In lieu of DC’s upcoming animated originals 10th anniversary box set, we here at DCN have decided to do 30 days of movie reviews, covering all of the DC Universe Animated Original Movies, leading right up to the release of the newest film, Batman and Harley Quinn, on August 15th. So today we start with the film that kicked off this amazing world of animated films, Superman/Doomsday! Please enjoy and keep an eye out over the next month for a new review every day!!
[Editor’s Note: This review may contain spoilers]
Directed By: Bruce Timm, Lauren Montgomery and Brandon Vietti
Written By: Duane Capizzi and Bruce Timm
Starring: James Marsters, Adam Baldwin, Anne Heche
Original Release Date:Â September 18, 2007
Summary
Lex Luthor’s company, Lexcorp, is on a digging project when they hit a spaceship buried deep near the Earth’s core. While tampering with the ship, they accidentally unleash Doomsday, a biogenetically engineered monster with super strength that has one singular focus.

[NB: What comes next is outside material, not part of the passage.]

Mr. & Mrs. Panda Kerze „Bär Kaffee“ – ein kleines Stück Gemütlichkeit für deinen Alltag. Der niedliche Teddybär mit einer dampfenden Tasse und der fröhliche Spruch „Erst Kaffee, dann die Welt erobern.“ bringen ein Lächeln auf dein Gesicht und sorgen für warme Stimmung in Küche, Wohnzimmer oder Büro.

Doomsday begins a rampage of destruction with his sights set on Metropolis. There is only one person who can stop this beast, and that person is Superman!
Positives
This was DC Animated films’ first attempt to bring well-known comic book stories to animated movie form and they couldn’t have picked a much bigger first story to hit the ground running. “The Death of Superman” was a major headline when released in the comics and made for a great first choice.
The voice actors did a fantastic job with their roles. Anne Heche in particular did an outstanding job of delivering powerful emotion to Lois when she lost the love of her life. Adam Baldwin and James Marsters both delivered powerful performances as Superman and Lex Luthor.
Negatives
Unfortunately, this movie does not live up to it’s potential. Superman’s death and battle with Doomsday occurs within the first act and takes a backseat to the clone storyline. For a time, Warner Bros. wouldn’t allow their heroes to die in a movie, which unfortunately takes the emotion out of this storyline. It would have been a much more powerful film to see the romance grow between Lois and Clark throughout the film only to have her lose him in the end.

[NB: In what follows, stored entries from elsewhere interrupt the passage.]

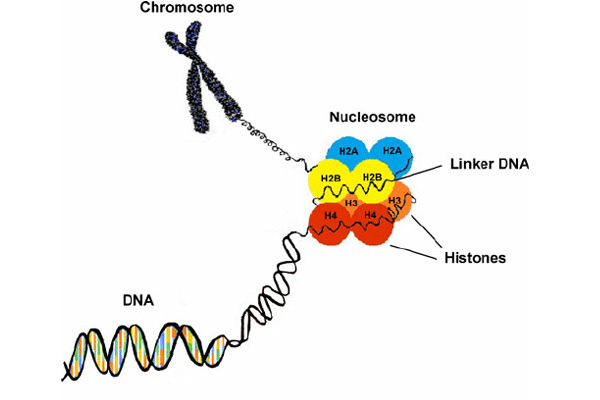 Histones are proteins that act as a device to compact and organize the thread-like DNA strands which wrap around them. Histones function to protect the DNA strand and help it function correctly.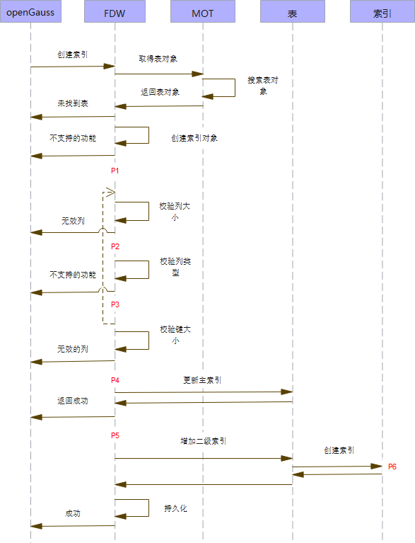 请注意,为了便于读者更好的理解正常流程和异常流程的关系,本节中的时序图均将正常流程和异常流程放在同一张图中,其中P1、P2……Pn为异常流程。同时,为简化时序图帮助理解流程,异常流程仅在异常发生的位置进行标识,未完整绘制异常流程的时序。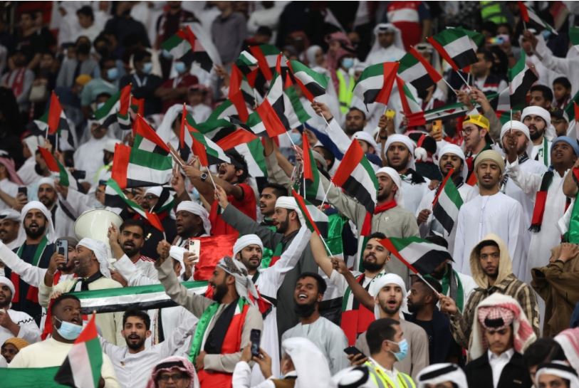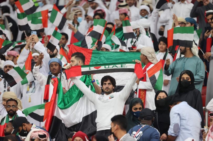 سجل الجمهور الإماراتي حضوراً لافتاً في ستاد البيت بالعاصمة القطرية الدوحة، خلال المباراة التي جمعت المنتخب الوطني مع نظيره القطري، اليوم الجمعة، في دور ربع النهائي من كأس العرب 2021.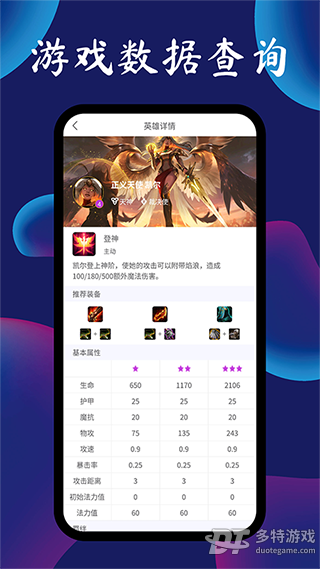 没有详细的设备清单、设备综合路径等信息,所有装备数据都保持最新版本同步更新。提供关于英雄、技能介绍、职业束缚、种族束缚等的详细介绍,这些资料库会随着游戏更新而即时调整。免费且功能强大,有详细的数据,如果你想成功地吃鸡肉,你可以试试,这款工具能显著提升你的胜率和游戏体验。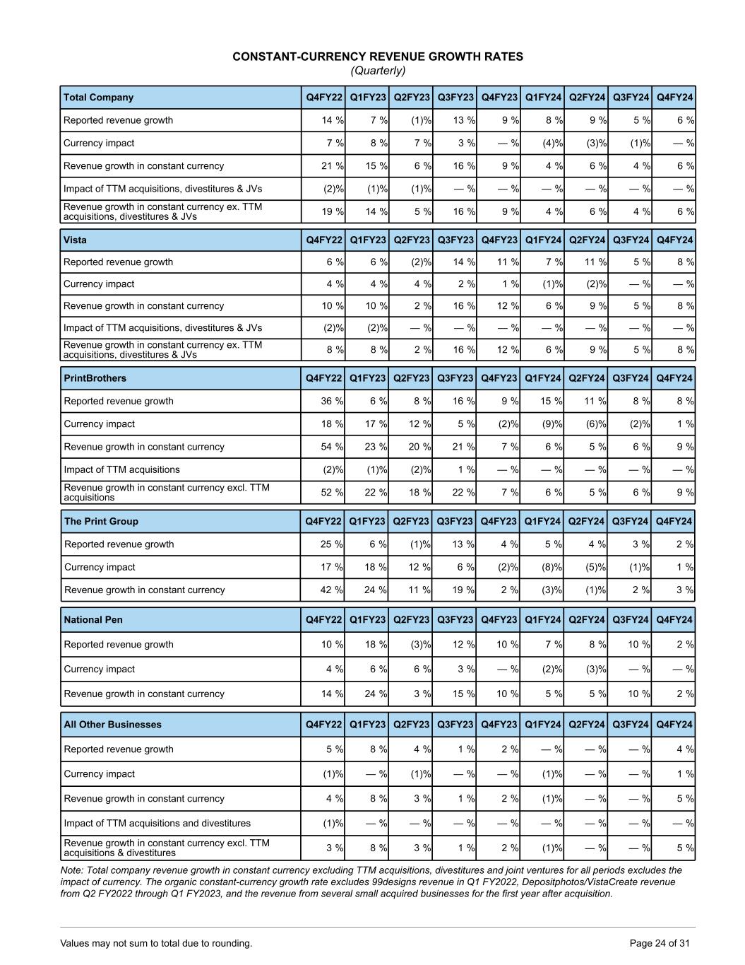 CONSTANT-CURRENCY REVENUE GROWTH RATES (Quarterly) Total Company Q4FY22 Q1FY23 Q2FY23 Q3FY23 Q4FY23 Q1FY24 Q2FY24 Q3FY24 Q4FY24 Reported revenue growth 14 % 7 % (1) % 13 % 9 % 8 % 9 % 5 % 6 % Currency impact 7 % 8 % 7 % 3 % — % (4) % (3) % (1) % — % Revenue growth in constant currency 21 % 15 % 6 % 16 % 9 % 4 % 6 % 4 % 6 % Impact of TTM acquisitions, divestitures & JVs (2) % (1) % (1) % — % — % — % — % — % — % Revenue growth in constant currency ex. TTM acquisitions, divestitures & JVs 19 % 14 % 5 % 16 % 9 % 4 % 6 % 4 % 6 % Vista Q4FY22 Q1FY23 Q2FY23 Q3FY23 Q4FY23 Q1FY24 Q2FY24 Q3FY24 Q4FY24 Reported revenue growth 6 % 6 % (2) % 14 % 11 % 7 % 11 % 5 % 8 % Currency impact 4 % 4 % 4 % 2 % 1 % (1) % (2) % — % — % Revenue growth in constant currency 10 % 10 % 2 % 16 % 12 % 6 % 9 % 5 % 8 % Impact of TTM acquisitions, divestitures & JVs (2) % (2) % — % — % — % — % — % — % — % Revenue growth in constant currency ex. TTM acquisitions, divestitures & JVs 8 % 8 % 2 % 16 % 12 % 6 % 9 % 5 % 8 % PrintBrothers Q4FY22 Q1FY23 Q2FY23 Q3FY23 Q4FY23 Q1FY24 Q2FY24 Q3FY24 Q4FY24 Reported revenue growth 36 % 6 % 8 % 16 % 9 % 15 % 11 % 8 % 8 % Currency impact 18 % 17 % 12 % 5 % (2) % (9) % (6) % (2) % 1 % Revenue growth in constant currency 54 % 23 % 20 % 21 % 7 % 6 % 5 % 6 % 9 % Impact of TTM acquisitions (2) % (1) % (2) % 1 % — % — % — % — % — % Revenue growth in constant currency excl. TTM acquisitions 52 % 22 % 18 % 22 % 7 % 6 % 5 % 6 % 9 % The Print Group Q4FY22 Q1FY23 Q2FY23 Q3FY23 Q4FY23 Q1FY24 Q2FY24 Q3FY24 Q4FY24 Reported revenue growth 25 % 6 % (1) % 13 % 4 % 5 % 4 % 3 % 2 % Currency impact 17 % 18 % 12 % 6 % (2) % (8) % (5) % (1) % 1 % Revenue growth in constant currency 42 % 24 % 11 % 19 % 2 % (3) % (1) % 2 % 3 % National Pen Q4FY22 Q1FY23 Q2FY23 Q3FY23 Q4FY23 Q1FY24 Q2FY24 Q3FY24 Q4FY24 Reported revenue growth 10 % 18 % (3) % 12 % 10 % 7 % 8 % 10 % 2 % Currency impact 4 % 6 % 6 % 3 % — % (2) % (3) % — % — % Revenue growth in constant currency 14 % 24 % 3 % 15 % 10 % 5 % 5 % 10 % 2 % All Other Businesses Q4FY22 Q1FY23 Q2FY23 Q3FY23 Q4FY23 Q1FY24 Q2FY24 Q3FY24 Q4FY24 Reported revenue growth 5 % 8 % 4 % 1 % 2 % — % — % — % 4 % Currency impact (1) % — % (1) % — % — % (1) % — % — % 1 % Revenue growth in constant currency 4 % 8 % 3 % 1 % 2 % (1) % — % — % 5 % Impact of TTM acquisitions and divestitures (1) % — % — % — % — % — % — % — % — % Revenue growth in constant currency excl. TTM acquisitions & divestitures 3 % 8 % 3 % 1 % 2 % (1) % — % — % 5 % Note: Total company revenue growth in constant currency excluding TTM acquisitions, divestitures and joint ventures for all periods excludes the impact of currency. The organic constant-currency growth rate excludes 99designs revenue in Q1 FY2022, Depositphotos/VistaCreate revenue from Q2 FY2022 through Q1 FY2023, and the revenue from several small acquired businesses for the first year after acquisition. Values may not sum to total due to rounding. Page 24 of 31

Instead they tried to cram three different stories, The Death of Superman, The Reign of Superman and The Return of Superman into a 77 minute film. In doing so, it loses the impact it should have had. This would have worked so much better as three separate films, each focusing on one of those three stories, and perhaps if it had been done today, it would’ve been done like that.
Verdict
As a first attempt to animate well-known graphic novels into a film, this movie does okay, but is far from a homerun. For the average moviegoer they may find the film to be decent, but to anyone that knows the actual story, they’ll recognize how it fails to bring any of the emotional narrative with it.
It’s worth watching, but I highly recommend anyone that watches this, go back and read the original comic book as well.